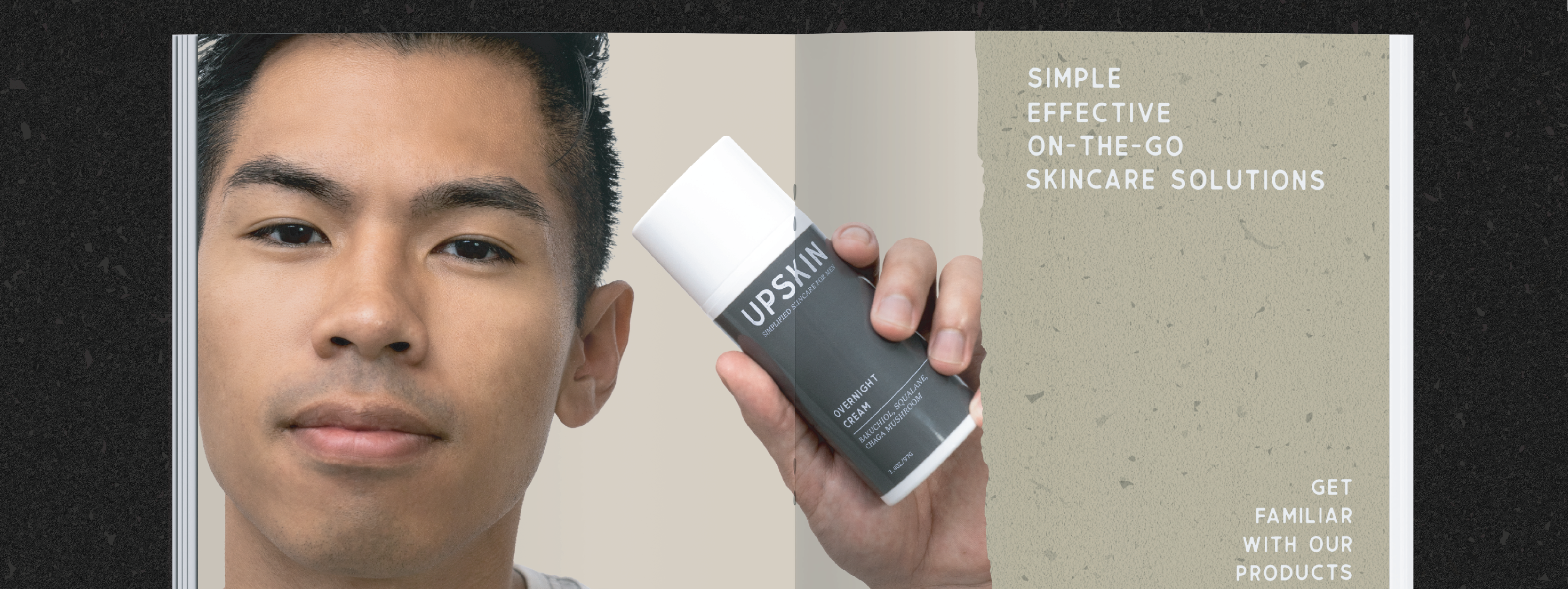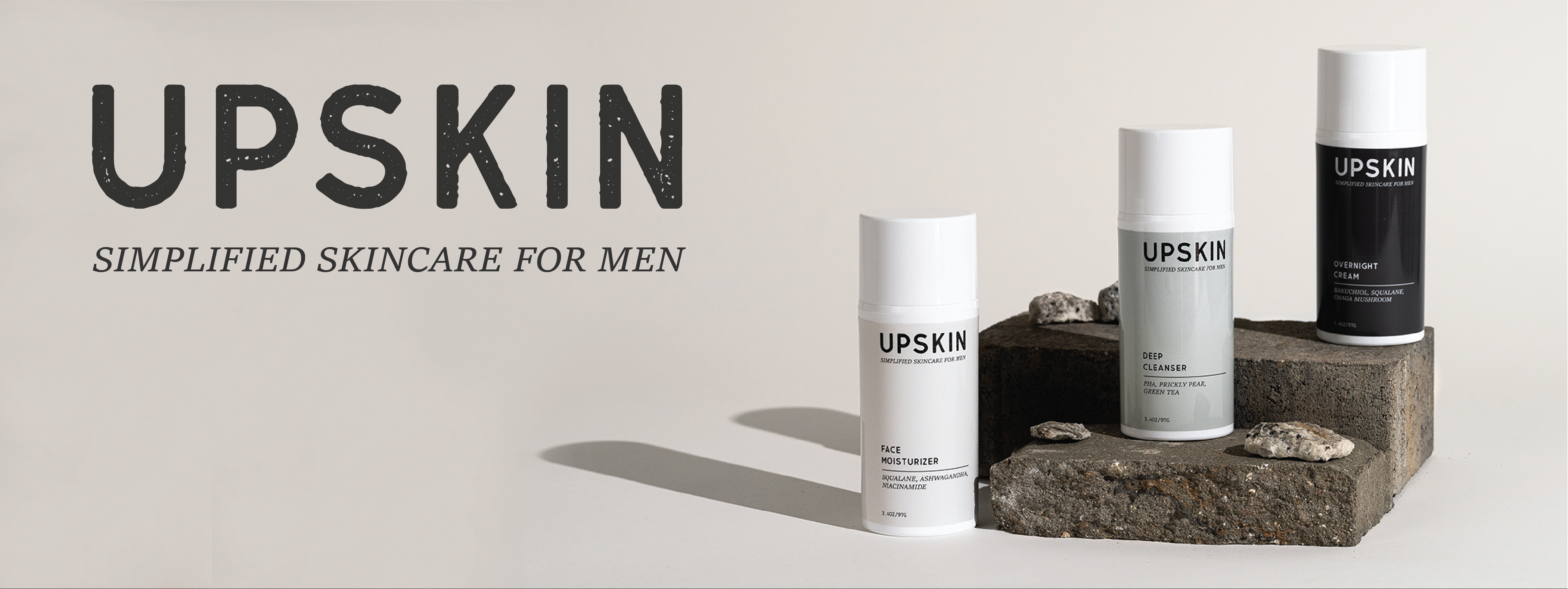Upskin is a minimalist skincare line designed for men seeking a straightforward routine. I created the logo, brand identity, packaging design, and Shopify website, all centered around a clean, minimalist aesthetic. From simplified ingredients to streamlined visuals, every design choice supports the brand’s mission: making skincare simple, effective, and approachable for men.
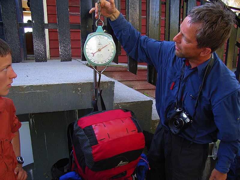 Die Rucksäcke werden gewogen.
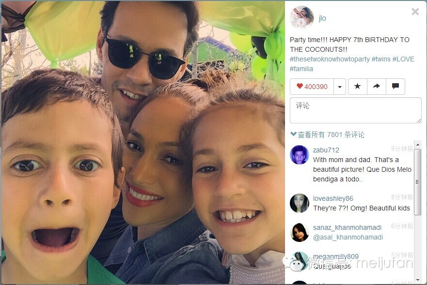 《美国偶像》评委、歌手Jennifer Lopez昨日与前夫Marc Anthony一起为他们的龙凤胎孩子Max和Emme庆祝生日,45岁的J-Lo在Instagram发布了四人温馨合照,并配文称"派对时间!!! 祝小家伙们7岁生日快乐!!"女儿Emme(图右)犹如翻版J-Lo,漂亮可爱,而儿子Max(图左)则做起了鬼脸。

--------------------------------

▶ **EXERCISE PROMPT**
Return all the lines above exactly; none of the pictures should appear.

▶ **ANSWER BELOW**
Upskin is a minimalist skincare line designed for men seeking a straightforward routine. I created the logo, brand identity, packaging design, and Shopify website, all centered around a clean, minimalist aesthetic. From simplified ingredients to streamlined visuals, every design choice supports the brand’s mission: making skincare simple, effective, and approachable for men.
 Die Rucksäcke werden gewogen.
 《美国偶像》评委、歌手Jennifer Lopez昨日与前夫Marc Anthony一起为他们的龙凤胎孩子Max和Emme庆祝生日,45岁的J-Lo在Instagram发布了四人温馨合照,并配文称"派对时间!!! 祝小家伙们7岁生日快乐!!"女儿Emme(图右)犹如翻版J-Lo,漂亮可爱,而儿子Max(图左)则做起了鬼脸。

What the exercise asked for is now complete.